As their liner notes clarify, human heedlessness and the climate crisis are at the heart of the matter with askew world politics, a critique of capitalism and the Pandemic thrown in for good measure, creating a soundtrack at once ebullient and keening. The lyrics are rife with loss and ambivalence and yet manage to be hopeful, empowering, and joyful.
My favorites are " Empty Skies," " So Much (to Feel Guilty About)," " Blabber," " Flux," "We Can,We Can," but really We're OK. But We're Lost Anyway plays best as a whole- a concept album cycling through the moment to repeat again. I am torn about which video for "So Much (to Feel Guilty About)" to recommend.

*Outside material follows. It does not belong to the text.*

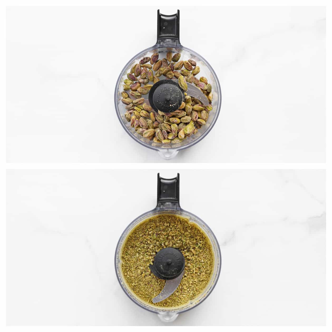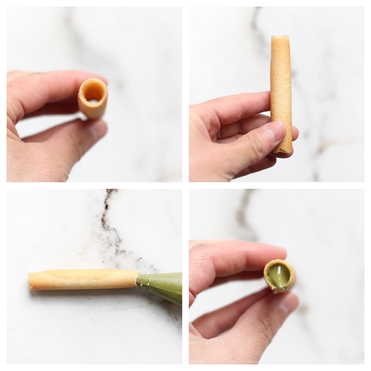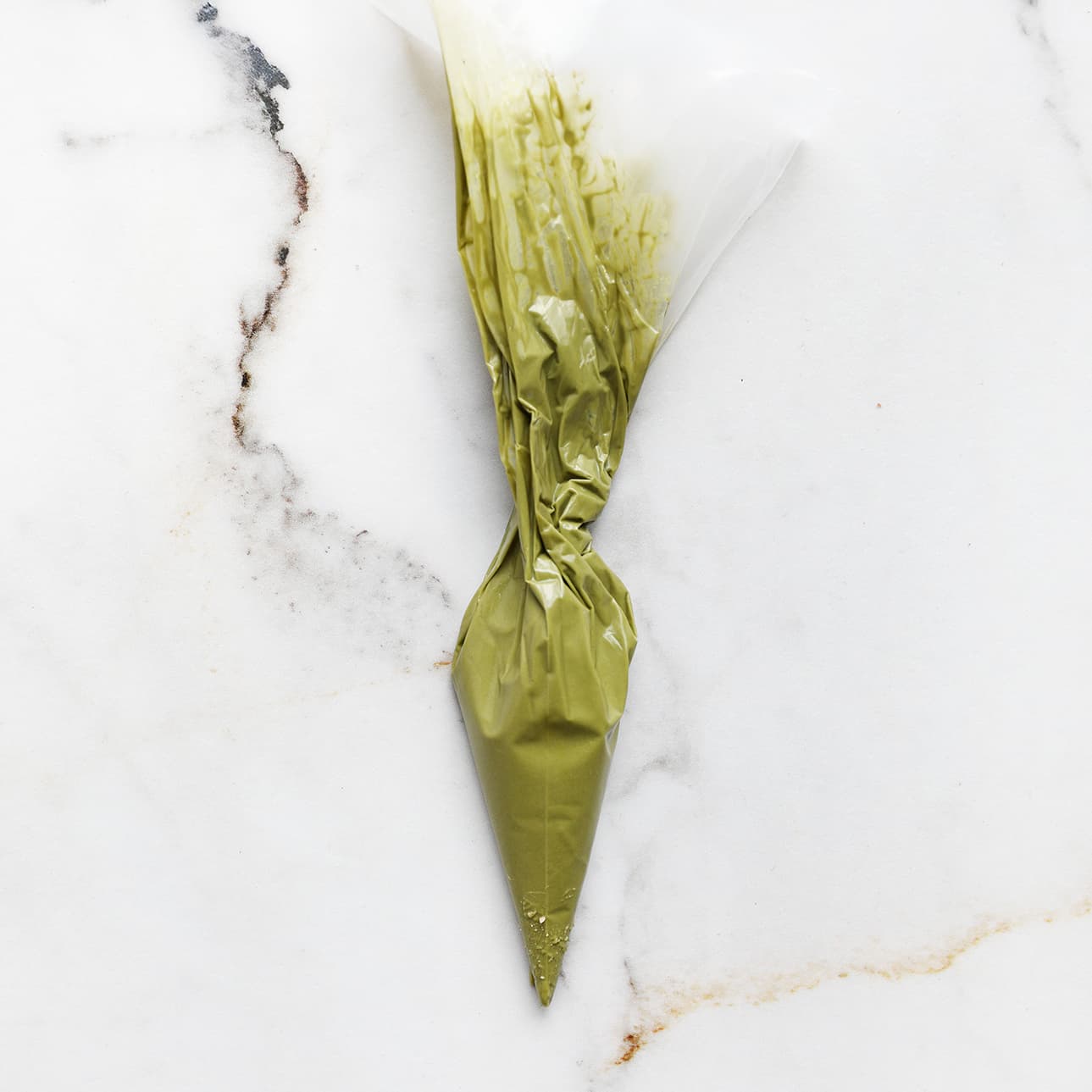 Warm the pistachio paste so it becomes more fluid and easier to pipe.

The animation in the lyrics video evokes Russian Suprematism, American Minimalism and a Swiss graphic design sensibility, while the live studio version shows off beautifully their collective skill and delivers an energetic you-are-there-behind-the-scenes feeling. Why not watch both?
Our ability to congregate together is a precious gift. Orchestre Tout Puissant Marcel Duchamp‘s take on this pleasure is a lavish and marvelously live-sounding recording. Having a 12-piece orchestra feels like a swooning extravagance, an aural wonder and it really speaks to the moment in a poignant way.
Find the orchestre online.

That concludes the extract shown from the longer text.